09-09 海の悪魔、クラーケン

 ――出航からおよそ2時間。


 部屋に用意されていたお菓子を食べたり、船内を見て回ったり。思いつく事を一通りやった後、特にやる事もないので甲板に並べられたデッキチェアに腰掛けボーッと空を眺める。


 遙か上空をゆっくりと流れていくのは夏の大きな雲。


 ……船旅って結構暇なんだな。


  ティンク達は部屋でお喋りしながらティータイムだそうだ。

 女同士の話に割って入るほど野暮じゃない大人の俺は、持ってきた錬金術の本を独りパラパラとめくる。
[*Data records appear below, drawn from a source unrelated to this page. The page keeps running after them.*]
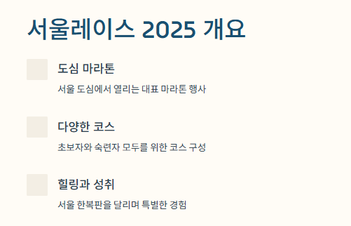 서울레이스 2025는 서울 도심에서 열리는 대표 마라톤 행사로, 초보자와 숙련자 모두를 위한 다양한 코스가 마련되어 있어요. 이 글에서는 접수 일정, 코스 정보, 준비 꿀팁까지 한 번에 확인할 수 있도록 정리했어요. 서울 한복판을 달리며 힐링과 성취를 동시에 얻을 수 있는 이 특별한 대회, 함께 알아볼까요?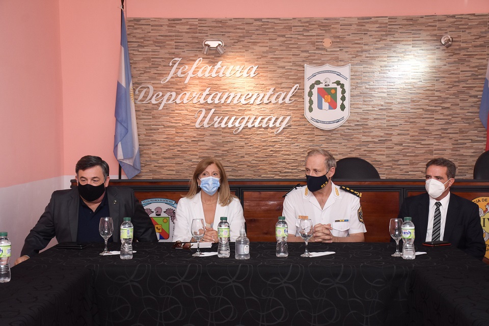 “Hemos estado trabajando la problemática de Seguridad en general y en particular, respecto de los últimos acontecimientos delictivos en Concepción del Uruguay. Trazamos estrategias y nos propusimos mejorar algunas situaciones de prevención”, mencionó la ministra de Gobierno y Justicia, Rosario Romero, quien vino acompañada del Jefe Provincial de la Policía de Entre Ríos, el Comisario General Gustavo Maslein.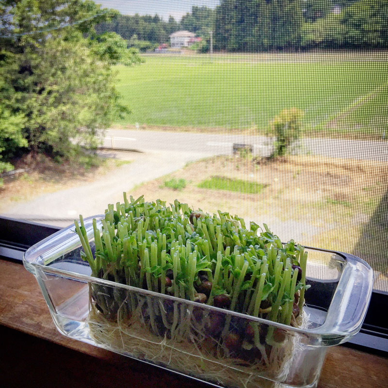 豆苗のナムル作った。冷蔵庫で半日。味がしみたらできあがり。いただいたニンニクを醤油に漬けておいたのでちょうどよかった。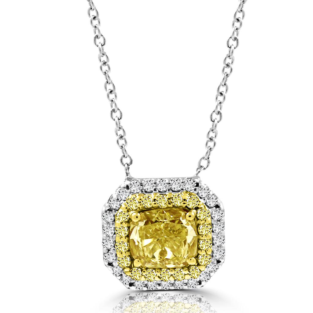 Pendant necklace with cushion yellow diamond with a halo of natural yellow and white diamond melees suspended on chain with two double drilled diamond briolette and a single drilled diamond briolette hanging at the end, set in 18k gold.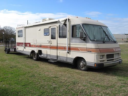 Well we did it,after so many years of thinking about it we finnally bought the RV we always wanted for traveling to new shark fishing grounds with the shark club and friends .This new shark club toy is the reason I have not been on the website for a week and a half we've been working our tails off to refurbish the 1988 , 32 foot Fleetwood Southwind Rv we bought in Tampa recently.We got a great buy on a classic that was just yearning for some much needed tlc .This low miles fiberglass bodied Rv has twin beds, a sleeper sofa,shower ,microwave,stove,generator,widescreen flat TV,new carpet and a fresh wax job and a brand new awning.The only downside is she has gas guzzling Chevy 454 engine as a powerplant.The RV will be Homebase and the place to register for the March 20-22 Rene Memorial participants and will be home for many upcoming shark fishing expeditions in 2009.Come on out and spend some time with us fish,compete if you like or join us for some cold drinks and bar B q Friday or Saturday afternoon.

 チュラ島を有する“ウミカジ王国”にも当然錬金術はある。

 ただ、その学術規範は非常に独特で“富”や“権力”といったものには全く欲が無く、ただひたすらに“生命”についての研究ばかりが行われているそうだ。

 “永遠の命を手に入れる”

 “死者を蘇らせる”

 未だ謎だらけの錬金術界隈において、最も難解で……胡散臭い分野ではあるな。



 そんな事を考えている間に、いつのまにかに甲板が慌ただしくっなっていた。

 さっきまでのんびりと海を眺めていた乗客達がなにやら騒ぎながら船尾の方へと駆けていく。


『なぁ! クラーケンが出たらしいぞ!』

『船尾に張り付かれたって!』


 耳に入ってきた会話の内容に思わずギョッとする!


 ――クラーケン!!


 船乗りが揃って恐れる伝説の怪物。

 船に一度しがみつかれたが最期。槍で刺そうがもりで突こうが絡みついた触手が剥がれる事はなく、船は確実に深海へと引き摺り込まれていく……! って、昔読んだ本に書いてあった。
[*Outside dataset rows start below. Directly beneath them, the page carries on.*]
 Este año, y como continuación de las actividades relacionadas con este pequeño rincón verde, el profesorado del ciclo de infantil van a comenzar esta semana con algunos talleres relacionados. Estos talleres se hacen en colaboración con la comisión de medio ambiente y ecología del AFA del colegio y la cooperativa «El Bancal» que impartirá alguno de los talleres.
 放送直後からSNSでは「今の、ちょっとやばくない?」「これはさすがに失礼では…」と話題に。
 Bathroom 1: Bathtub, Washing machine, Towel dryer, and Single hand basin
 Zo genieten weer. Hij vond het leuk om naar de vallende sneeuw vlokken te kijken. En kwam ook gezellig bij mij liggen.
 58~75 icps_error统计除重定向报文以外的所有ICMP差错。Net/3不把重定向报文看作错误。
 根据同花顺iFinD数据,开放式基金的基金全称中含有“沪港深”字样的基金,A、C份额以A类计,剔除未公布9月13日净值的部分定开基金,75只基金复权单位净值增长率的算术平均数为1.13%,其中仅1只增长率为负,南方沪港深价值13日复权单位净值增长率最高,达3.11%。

 脳裏をよぎるのは、イリエの水槽で見たおぞましい軟体生物の姿。


(冗談じゃねぇぞ! あんなもん食うからクラーケンが怒って復讐に来るんだよっ!)


 クソッ――どうする!?

 あんかバケモノの餌になるのだけはまっぴらごめんだ。


 水際戦闘特化アイテムである“メロウのトライデント”ならもしかしたらクラーケンにも太刀打ち出来るかもしれない。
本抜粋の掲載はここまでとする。